A friend recently told me a story about the works of the late Jack Smith. Smith used to actively change his films throughout their existence, going so far as to cut and splice 16mm as it was being played through the projector! So, his films were regularly being edited, manipulated, undermined, damaged, and degraded intentionally. When he died there was a necessity that his films be preserved, and so ‘authoritative’ copies had to be produced. The funny thing is that each copy of his works may not be authoritative in the sense that we customarily know. There is a speculation that each extant copy of the films may have been used to produce prints for collections. So when Smith died there may have been twenty unique versions of Normal Love for instance, and each of these unique versions may have been used to make prints, with the different (but the same) prints sent to various galleries, collectors, and archives. The implication being that there is still no authoritative versions of his work, even after his death. The truth of all that is unknown obviously, but it’s great to imagine it.

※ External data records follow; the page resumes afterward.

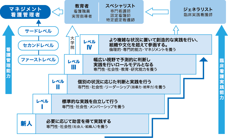 を提供できる専門職業人としての知識・技術の向上と、創造性豊かな看護職員を育成するキャリア開発の提供
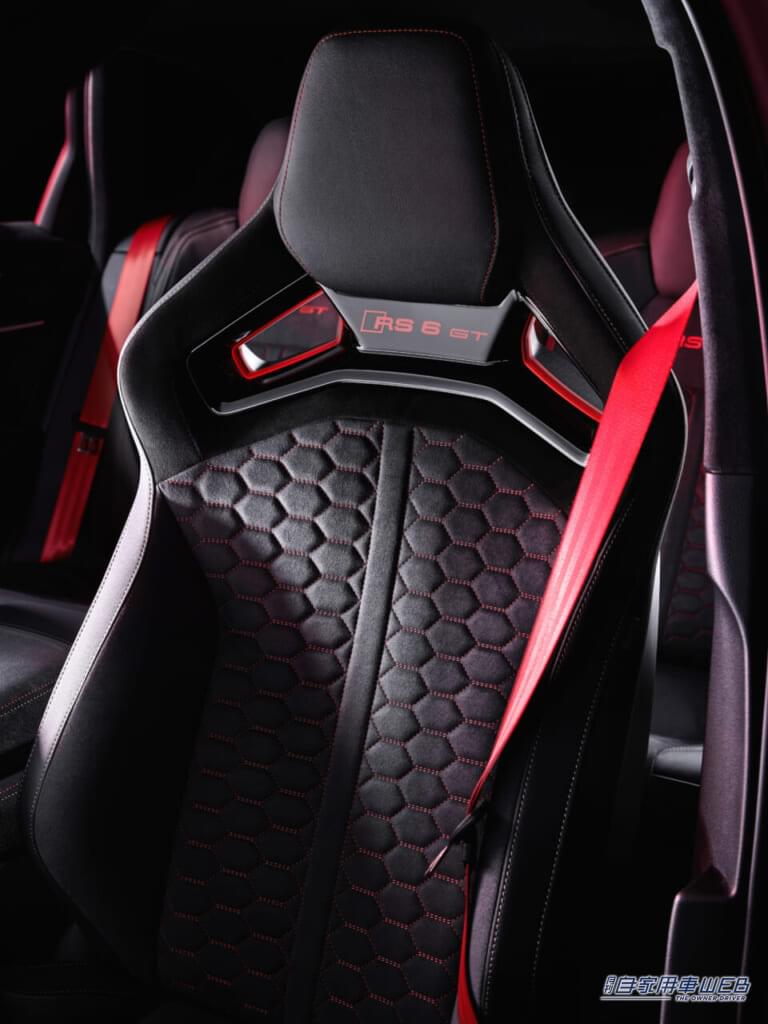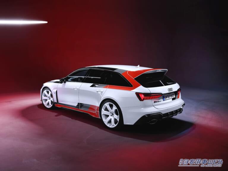 インテリアには、高品質なバケットシートや斬新なカラーコンビネーションが採用され、センターコンソールにはエクスクルーシブなアクセントとして、シリアルナンバー(製造番号)が刻印されている。Audi RS 6 Avant GT専用のライトウェイトアジャスタブルコイルオーバーサスペンションと、このモデル専用のリヤアクスルのquattroスポーツディファレンシャルが、ドライブエクスペリエンスを向上させてる。
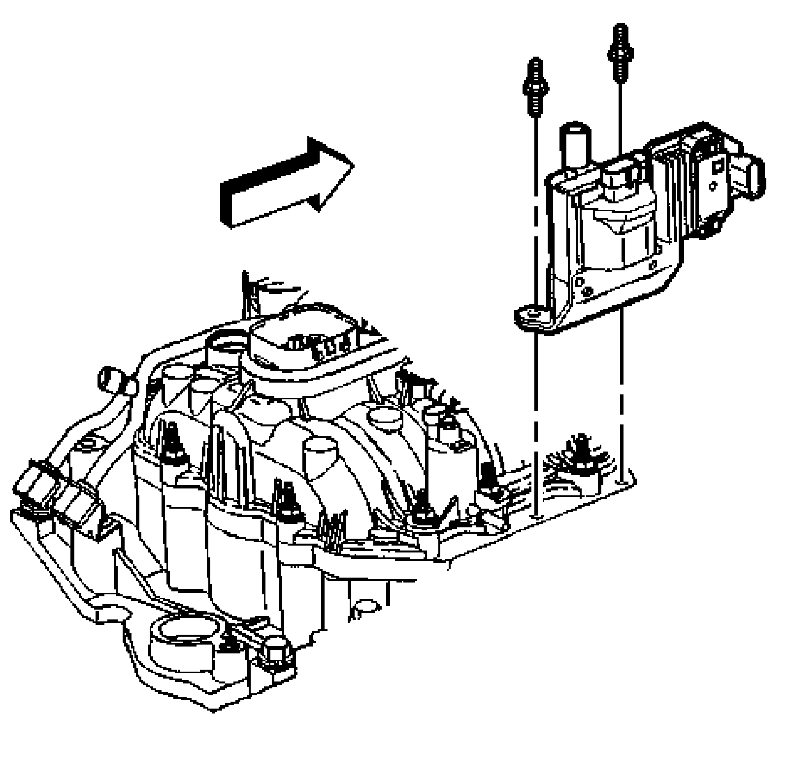 43. If reusing the fasteners, apply threadlock GM P/N 12345382 (Canadian P/N 10953489) or equivalent, to the threads of the throttle body attaching studs.
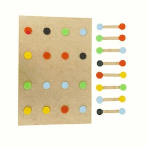 - 1 Tabuleiro de 31x21cm feito em MDF Cru com pontos de acrílicos coloridos e 8 unidades de pares de pontos feitos em MDF e acrílico colorido. Ean: 2960005591263
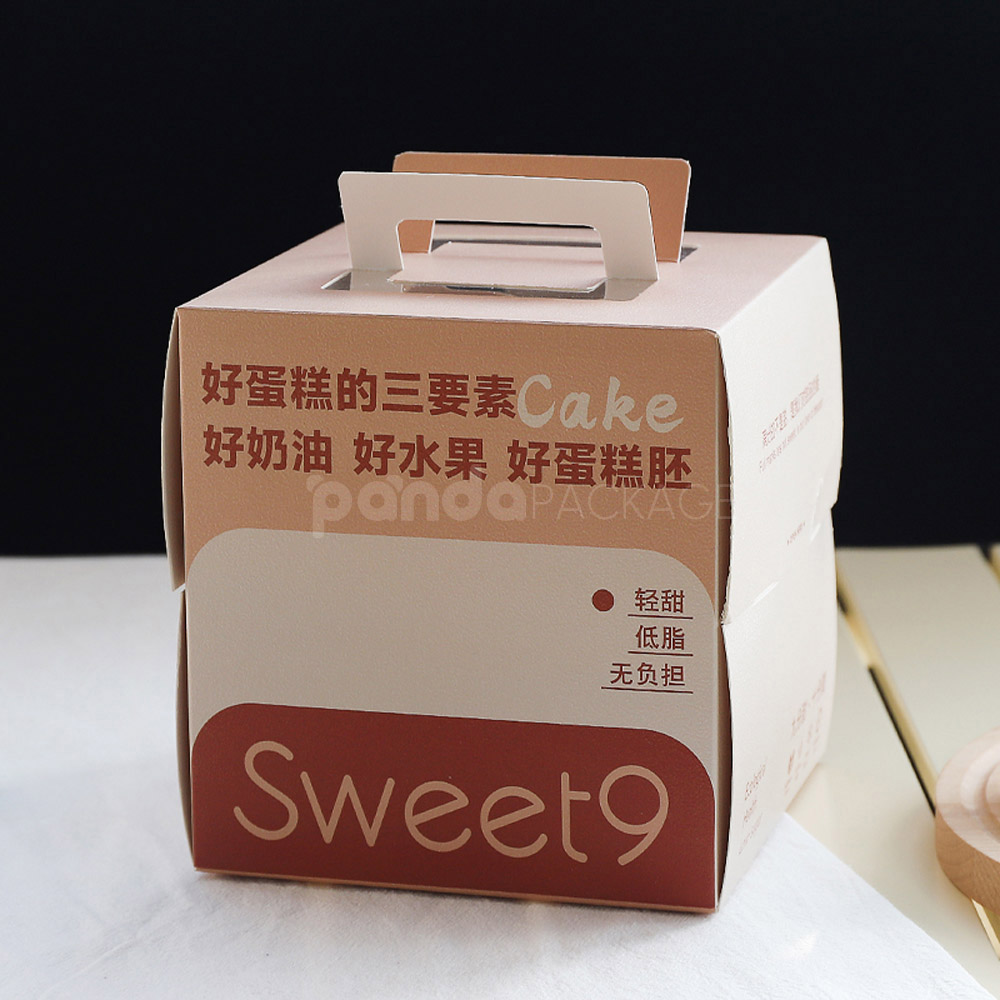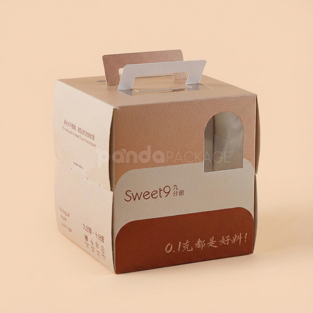 Warm-Tone Cake Box with Handle – Sweet Bakery Packaging
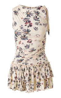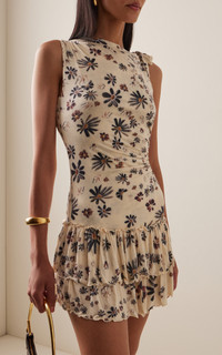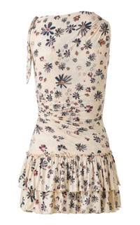PRODUCT DETAILS - Pre-Fall '25 - Floral-printed, sleeveless, ruched, ruffled mini hem - Unlined - Composition: 90% Polyester 10% Elastane - Slip on - *Dry clean or machine wash - Made in Turkey
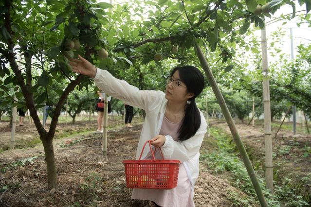 A tourist picks fruits in an orchard in Shengzhou, east China’s Zhejiang province. (Photo/Xinhua)
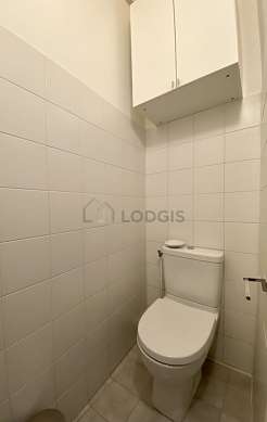 Este apartamento é equipado de uma casa de banho agradável é muito clara. Esta sala de água dispõe do necessário pelo seu bem estar na sua vida quotidiana : toalhas de banho, prateleira, armário, banheira, radiator secador de toalhas. Os WC são separados da casa de banho e situados em uma peça independente.
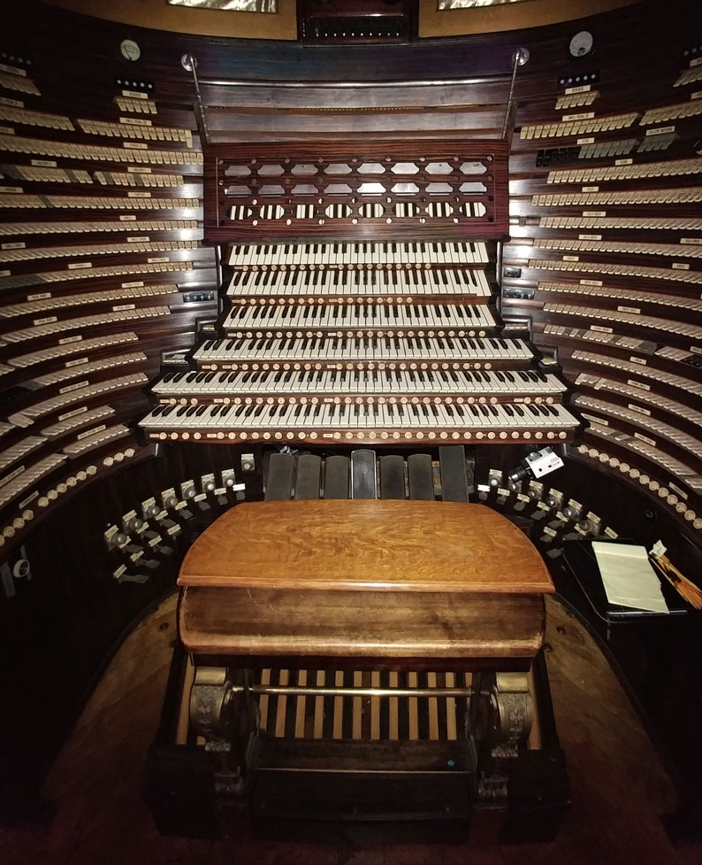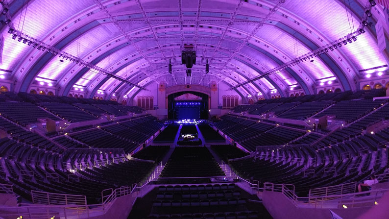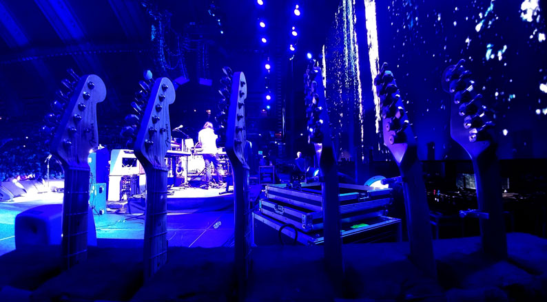 Without question, this ought to be a good show. The building itself is simply stunning, likely the most gorgeous place we will play. Built back in the 1920s, the structure has style and taste, having been largely kept up (or restored) over the years. Built right on the famous Boardwalk among the beach casinos, this is an enormous arched wooden structure. It houses the world’s biggest (and loudest, in its day) pipe organ. Not only that, it’s the largest instrument in the world! Half the organ has been restored, and someday we hope to hear it all working again. It’s a huge boomy-sounding room, but that sometimes works for a big rock concert. Even the parking lot next door is a monster, the former Convention Hall can now house hundreds of staff cars, all our buses and trucks – and still have room left for hundreds more!

Regarding the ecological metaphor and the formal construction of the video, I have not considered the work specifically as an “ecology”. I don’t feel very comfortable with this idea. My sense is that ecology is the kind of word that can be reduced or extended to cover so much territory that it risks being too vague. What isn’t an ecology? I think the work is probably more like a mechanism or a machine. For my purposes the machine metaphor stands up better, as it doesn’t imply vitalism as strongly, nor turn the work into an exercise of metaphysics. Instead, what is generated by the machine is a narrative or narrative cluster. I hope people watching the work get the sense that that narrative is something made by humans rather than the creatures on screen; that the creatures are part of, and separate from this thing, but that their lives are not reducible to it.